■ **Required action**
Repeat exactly the lines running from the first line of the data to the line containing "Open source software", both ends included, and nothing else; drop the pictures.
--- Task data Enclosed Below ---
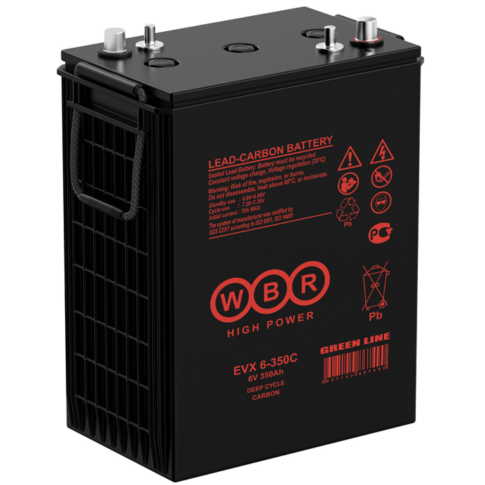 Аккумулятор WBR EVX6-350C - герметизированная, выполненная по технологии AGM, карбоновая свинцово-кислотная аккумуляторная батарея. Обладает высоким качеством и надежностью, устойчивы к глубоким разрядам и применяются для питания электрических транспортных средств, гольфкаров, газонокосилок, полотерных и поломоечных машин, медицинских колясок и другой техники.
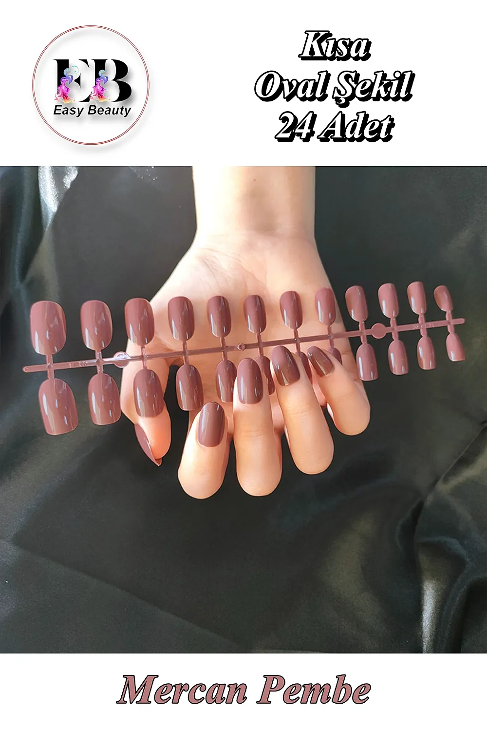 24 Adet Oval Kısa Takma Tırnak Seti 1077
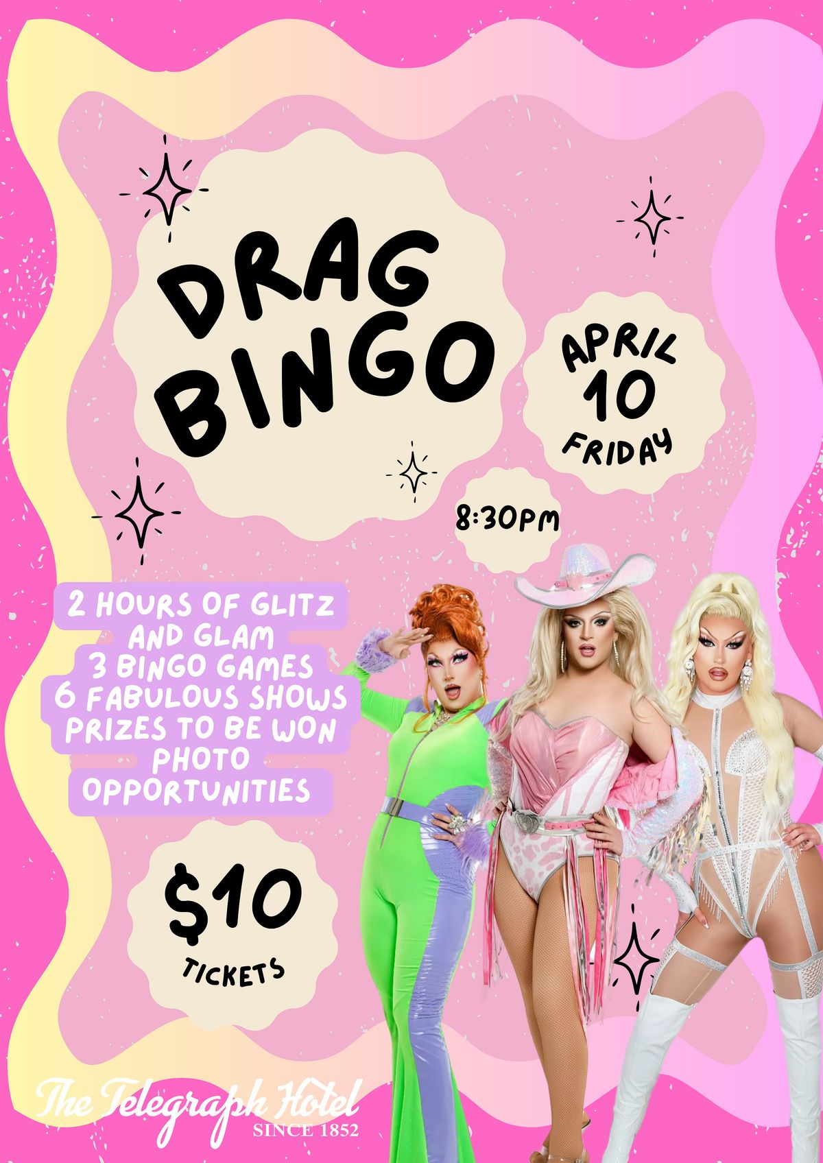 Get ready for an unforgettable night of glitz, glam, and fabulous fun at Drag Bingo on Friday April 10th at 8:30 PM at the iconic Telegraph Hotel Gisborne!
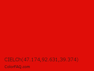 CIELCh 47.174,92.631,39.374 Color is a normal red color and the nearest color is KU Crimson #e8000d. Hex code #e00d08 and RGB value is rgb(224,13,8). In RGB color space, this color is composed of 88% red, 5% green, 3% blue, In CMYK color space, this color is composed of 0% cyan, 94% magenta, 96% yellow , 12% black , In HSL color space, this color has a hue angle of 1° , 93% saturation and 45% lightness.
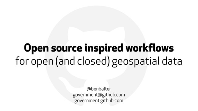 Open source software is produced by distributed teams rarely in the same place at the same time, rarely working on the same thing at the same time, yet they consistently produce better results than their closed source and proprietary counterparts. A big part of their continued success is open source's unique workflow and tools. What would it look like to treat geospatial data with the same respect that open source developers treat their code? What if we took the tools and workflows of open source and used them to create collaborative geospatial tools and datasets, even if that data was ultimately never public?
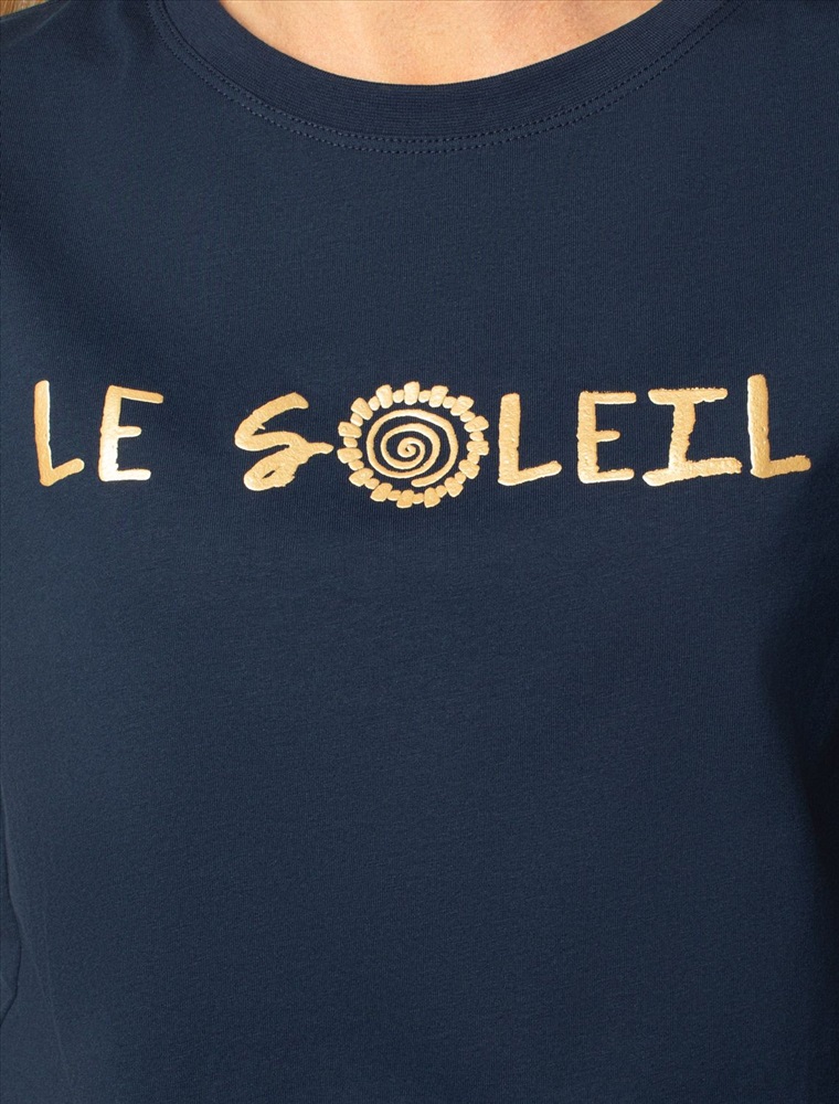 Плотность: 140 Г/м2 Параметры модели на первом фото: Рост 170, бюст 89, талия 63, бедра 92 Перевод принта: "le soleil (фр.) - солнце". Футболка прямого кроя выполнена из 100% хлопка. Базовая модель дополнена лаконичным авторским принтом. Легко впишется в повседневный гардероб. Изделие хорошо держит форму и обеспечивает комфортный микроклимат в течение дня. Комментарии к товару
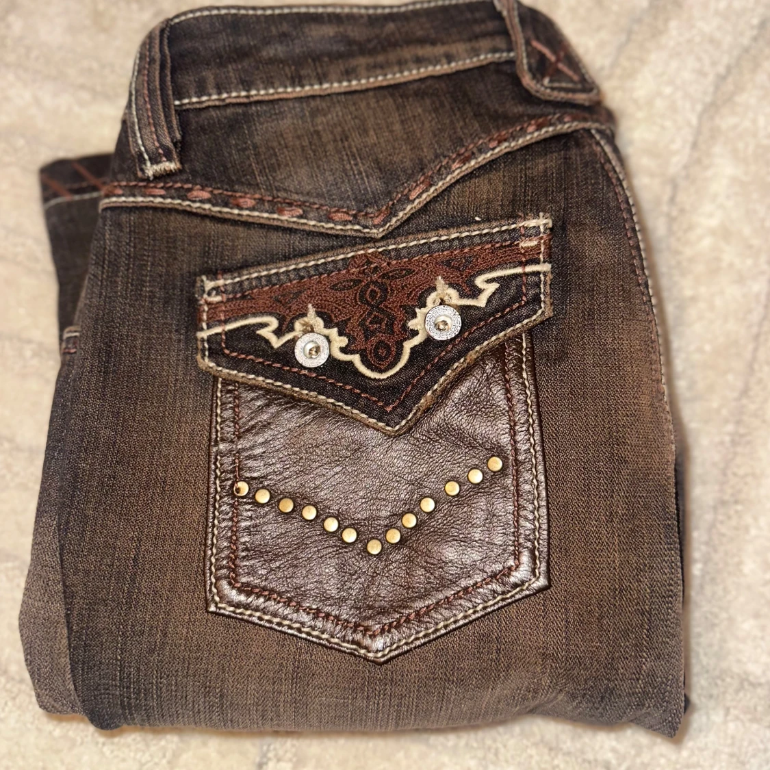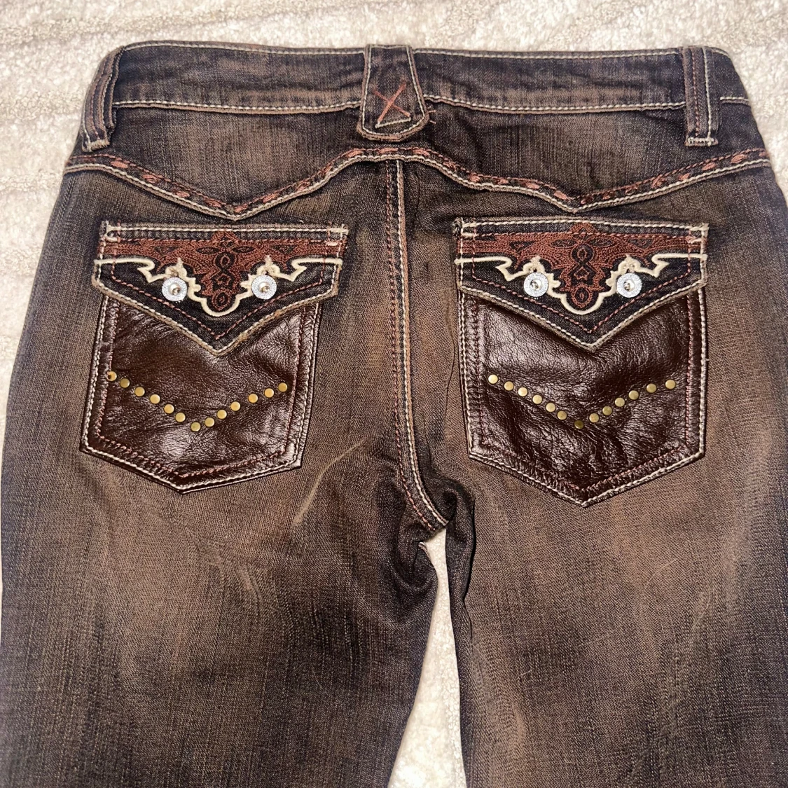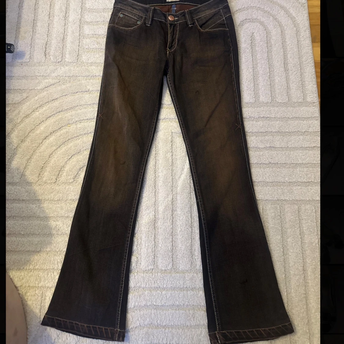 ❣️Priset kan diskuteras❣️ Snygga bruna bootcut vintage jeans i märket Antik Denim. Dem är väldigt unika o svåra att få tag i. Dem har bootcut passform och unika bakfickor i skinnlook, dekorerade med nitar och broderier i guld och vitt. Jeansen har kontrastsömmar och coola detaljer längs fickor och benslut. Perfekta för dig som vill sticka ut med din stil. Köpte dem för högt pris second hand och har aldrig använt dem, förra ägaren har bara använt dem några fåtal gånger så de är så gott som nya💕💕🫶🏼
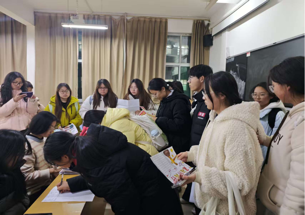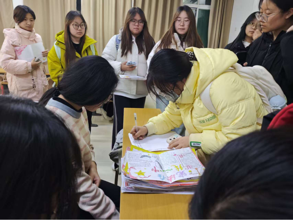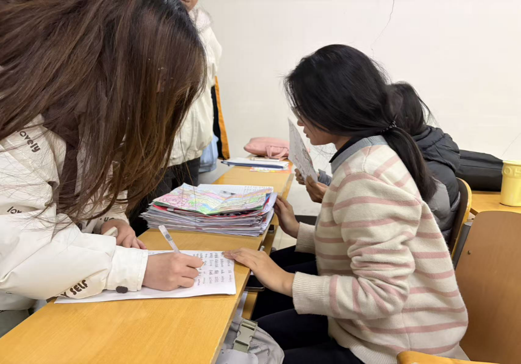 活动筹备阶段,志愿队通过线上征集等方式动员,明确以“宪法核心内容+青春法治实践”为创作方向。活动当天,教室内暖意融融:志愿者们围坐在桌前,一边整理堆叠的手抄报作品,一边细致记录评分;参与同学手持作品交流创作思路,不少作品以漫画诠释宪法条文、用色彩搭配突出“权利与义务”主题,既具知识性又富创意。
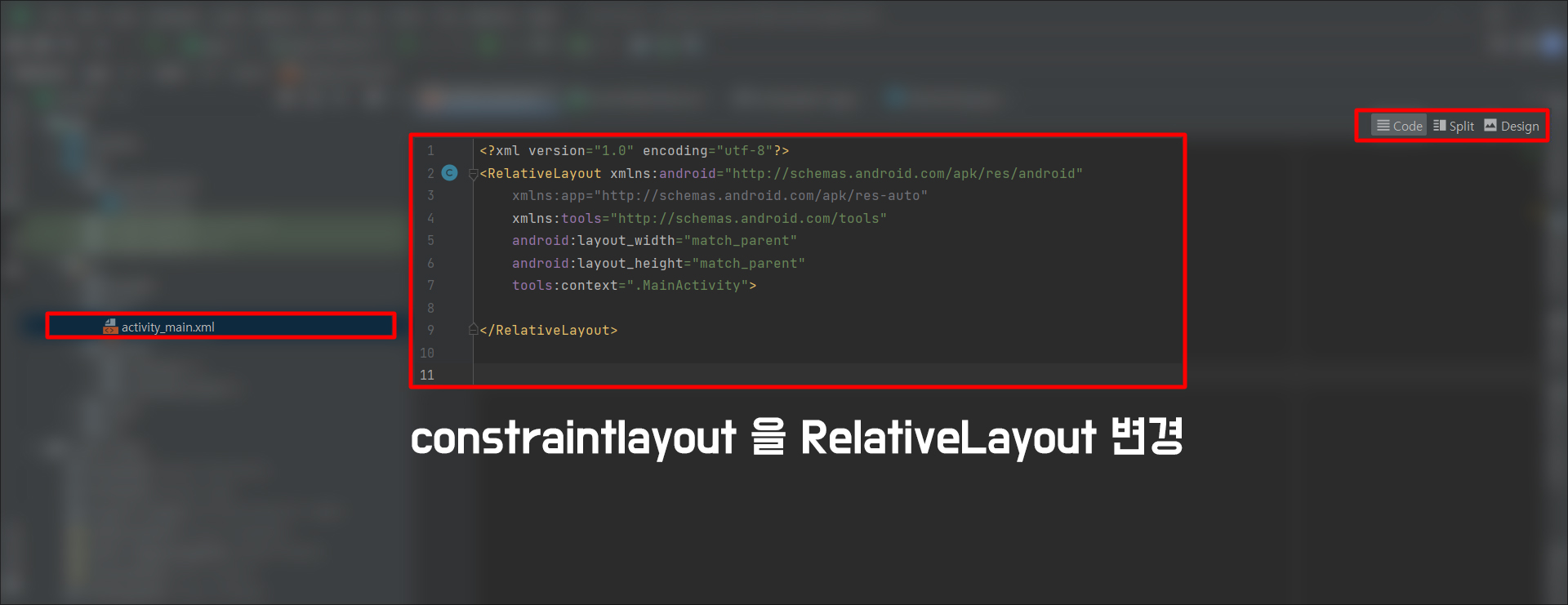 layout의 activity_main에서 Code로 진입하여 constraintlayout을 RelativeLayout 으로 변경 하여 준다.
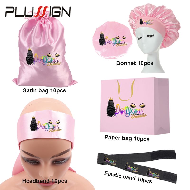 Customize 50Pcs Lace Band Paper Bag Satin Wig Bags For Hair Extension Packaging Satin Wig Cap For Curly Hair Edges Scarf Wrap
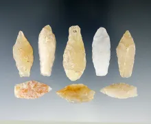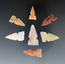 Group of eight Chalcedony arrowheads found in New Mexico, largest is 1 7/16". |
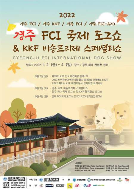 (사)한국애견연맹(총재 송하경)이 ‘2022 경주 FCI 국제 도그쇼’를 오는 9월 3일(토)부터 4일(일)까지 양일간 경주 화백컨벤션센터(HICO)에서 개최한다.
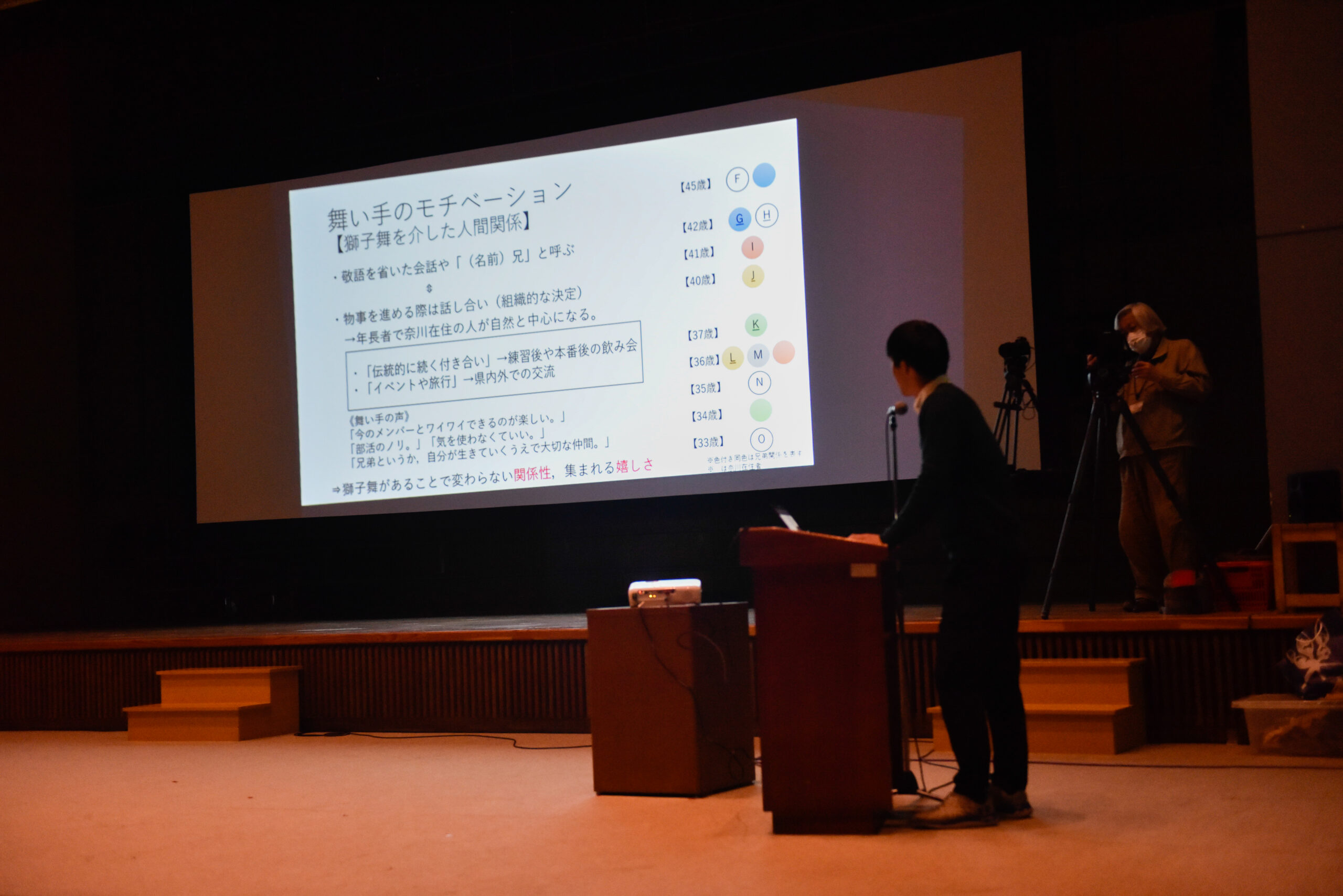まずは、「奈川獅子から考える民俗芸能の現代的意義」について、信州大学経法学部 応用経済学科3年 東大陽(ひがしたいよう)さんによる講演がおこなわれました。
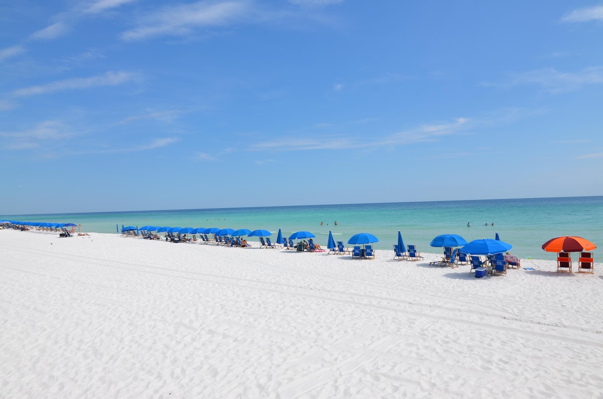 Sugar Sand Crystal Beach Escape: Just across the street from two entrances to "Sugar Sand" Crystal Beach and featuring a large private balcony with stunning water views in two directions. King master with TV, hallway bunkbed cubby, and a queen gel foam sleeper. Enjoy 2 FREE parking spaces, a heated pool, and hot tub. In-unit washer/dryer. 2 Roku flat-screen TVs. Fully stocked kitchen with Keurig, coffee maker, and tea kettle. *Must be 25+ unless active duty military.
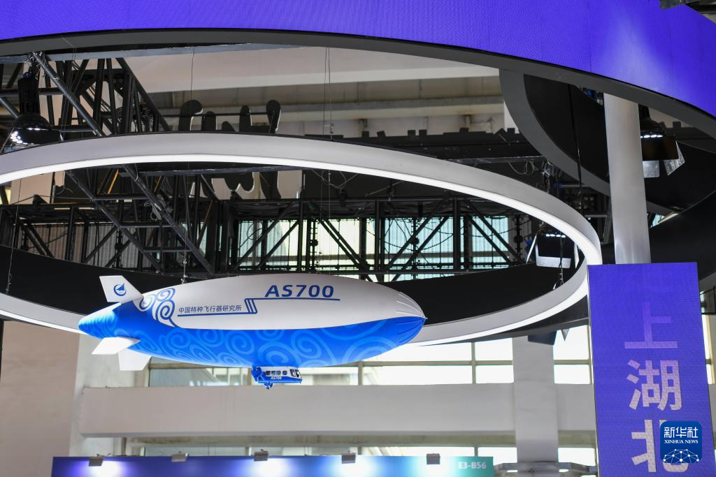 11月27日在第二届中国国际供应链促进博览会主宾省湖北展台拍摄的AS700飞艇模型。
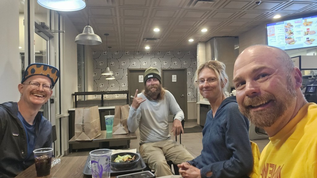 Top Shelf hiked into town in the evening. Quick Draw and I met Flavor Town and Stripes for dinner at Taco Bell. It was fun to catch up with Stripes. I hadn’t seen him since the Butterfly Hostel; Quick Draw hiked a bunch with him and Phoenix early on in the trail. Flavor Town took off and Top Shelf joined us. Then Top Shelf, Quick Draw, and I headed to Dairy Queen for further food items. Afterwards, we headed to our separate hotels to make the most of town luxuries.
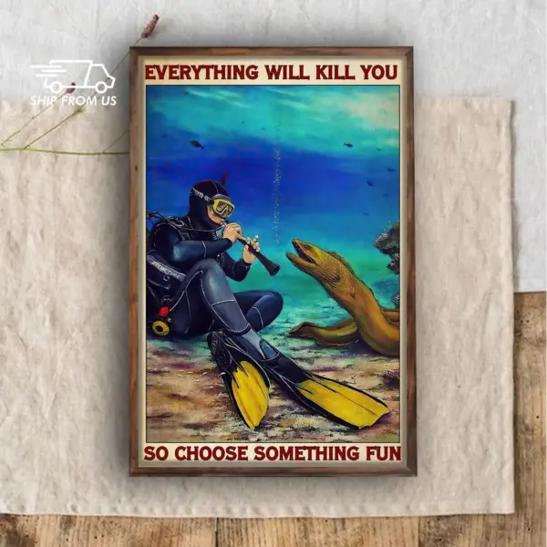 Scuba Diving Diver And Electric Eel Poster Everything Will Kill You So Choose Something Fun Poster Home Living Decor Poster
--- End of Enclosed Task data ---
■ **Expected answer**
 Аккумулятор WBR EVX6-350C - герметизированная, выполненная по технологии AGM, карбоновая свинцово-кислотная аккумуляторная батарея. Обладает высоким качеством и надежностью, устойчивы к глубоким разрядам и применяются для питания электрических транспортных средств, гольфкаров, газонокосилок, полотерных и поломоечных машин, медицинских колясок и другой техники.
 24 Adet Oval Kısa Takma Tırnak Seti 1077
 Get ready for an unforgettable night of glitz, glam, and fabulous fun at Drag Bingo on Friday April 10th at 8:30 PM at the iconic Telegraph Hotel Gisborne!
 CIELCh 47.174,92.631,39.374 Color is a normal red color and the nearest color is KU Crimson #e8000d. Hex code #e00d08 and RGB value is rgb(224,13,8). In RGB color space, this color is composed of 88% red, 5% green, 3% blue, In CMYK color space, this color is composed of 0% cyan, 94% magenta, 96% yellow , 12% black , In HSL color space, this color has a hue angle of 1° , 93% saturation and 45% lightness.
 Open source software is produced by distributed teams rarely in the same place at the same time, rarely working on the same thing at the same time, yet they consistently produce better results than their closed source and proprietary counterparts. A big part of their continued success is open source's unique workflow and tools. What would it look like to treat geospatial data with the same respect that open source developers treat their code? What if we took the tools and workflows of open source and used them to create collaborative geospatial tools and datasets, even if that data was ultimately never public?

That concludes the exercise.